Even if I weren't so interested in living out a work of art through my actions, I would still find it difficult to find the styles that are aesthetically appealing to me. Most of what I enjoy is not necessarily what others enjoy. I've become used to being the exception or the minority, always the one nobody prepares for or caters to. So, if the stores don't have many long, flowing dresses in old-fashioned romantic styles, why should I be limited by someone else's lack of appreciation for the things I enjoy? I will make up for the lack actively rather than settling for a style that clashes with my personality.


I'm an INFP. Possibly a type 4, but I'm not sure.


----------



## SyndiCat (Oct 2, 2010)

I don't make my own clothes. And I don't think I know anyone who do. Or perhaps my cousin makes her own clothes. Unsure.


----------



## Nomenclature (Aug 9, 2009)

Yes, for many reasons.

Maybe because I can't find my size in something and have to either alter, rip-and-reconstruct, or make something from scratch.

Maybe it's a really cool article of clothing that I can't afford to buy with my meager high schooler budget.

Maybe it's just the fact that some of the smallest modifications like adding trim, redoing the neckline, or adding an applique make items look ten times more "polished".

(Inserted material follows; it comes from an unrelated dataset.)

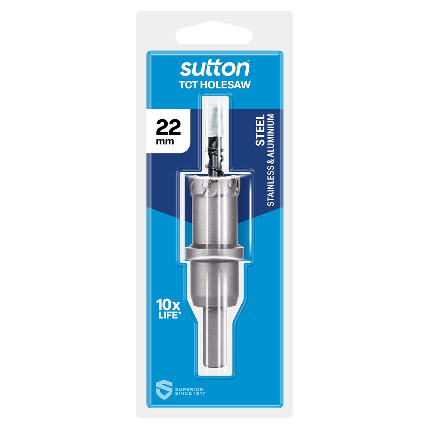 - Sutton Tools TCT Holesaws are industrial quality, designed for 5mm cutting depth. They can be used for machine or hand drilling, and are suited to cut steel, stainless steel, aluminium, fibreglass, chipboard, plastic, and other abrasive materials.
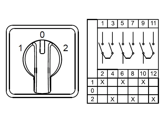 • Краткое наименование: CS020053S; Трехпозиционные Переключатели (1-0-2) ; 3 FAZ 20 A 60°

My main ideal is to make something look good. A relatively negligible one is to make people rethink the idea of "cool".

I'm an INFJ.


----------



## Linus (Apr 27, 2010)

When I started the thread, I had just registered to Pcafe (I think) so I didn't know you could just press those buttons under the avatar to check.. You guys don't need to add your type anymore =P Though, thanks Snail for adding your enneagram.. I am 4w5, and I'd say it shows in my activities. Like I wrote, it has been a year since I made any clothes --Most of my time is spent actually studying the history of those clothes, I find it very fascinating.. I don't always end up making something, or well most of the times it is just something very small fit for a baby or doll. I also tend to get myself caught up in labour intensive things. I can't help myself sometimes =)

Thanks for the replies so far.


----------



## sonicdrink (Aug 11, 2010)

I honestly don't have time or patience for that. Especially the patience part.

On another note, my mom made a lot of her own clothes when she was younger, and I think after the 3rd kid she stopped that hobby. I tried to bring it up again, but she only made 1/2 of a dress and then hasn't gotten back to it for like 5 years...


----------